Table: `ad_impressions`
| Column | Type | Description |
|---|---:|---|
| `impression_id` | STRING | Unique identifier for an ad impression. Primary key. |
| `user_id` | STRING | User who saw the ad. |
| `ad_id` | STRING | Ad that was shown. |
| `campaign_id` | STRING | Campaign that owns the ad. |
| `impression_ts` | TIMESTAMP | Time the impression was served, stored in UTC. |
| `cost_usd` | NUMERIC | Advertiser cost for the impression in USD. |
Table: `ad_conversions`
| Column | Type | Description |
|---|---:|---|
| `conversion_id` | STRING | Unique identifier for a conversion event. Primary key. |
| `user_id` | STRING | User who converted. |
| `ad_id` | STRING | Ad associated with the conversion event. |
| `conversion_ts` | TIMESTAMP | Time the conversion occurred, stored in UTC. |
| `revenue_usd` | NUMERIC | Conversion value in USD. |
Attribution rule:
- A conversion can be attributed only to an impression from the same `user_id` and `ad_id`.
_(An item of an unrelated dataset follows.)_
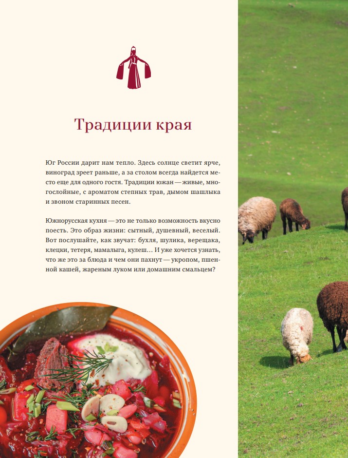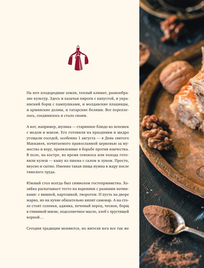 Книга снабжена большим количеством фотографий, передающих неповторимый аромат всей нашей страны, аппетитность ее блюд, широту ее просторов, разнообразие традиций.

- The impression must occur before the conversion.
- The conversion must occur within 7 days after the impression.
- If multiple impressions are eligible for the same conversion, attribute the conversion to the most recent eligible impression before the conversion.
- Each conversion should be attributed at most once.
Write a SQL query for impressions served from `2024-01-01 00:00:00 UTC` through `2024-01-31 23:59:59 UTC`. For each `campaign_id` and UTC `impression_date`, return:
- `campaign_id`
- `impression_date`
- `impressions`: number of impressions
- `unique_impression_users`: number of distinct users with impressions
- `attributed_conversions`: number of conversions attributed to those impressions
- `conversion_rate`: attributed conversions divided by impressions
- `total_spend_usd`: total impression cost
- `total_conversion_revenue_usd`: total attributed conversion revenue
- `avg_hours_to_conversion`: average hours between impression and attributed conversion, across attributed conversions only
Rows with impressions but zero attributed conversions should still appear with zero conversions and zero conversion revenue.
Quick Answer: This question evaluates proficiency in time-based event attribution, aggregation of business metrics (impressions, conversion rates, spend and revenue), timestamp handling, and user/ad-level matching within the Data Manipulation (SQL/Python) domain, emphasizing practical application over abstract theory.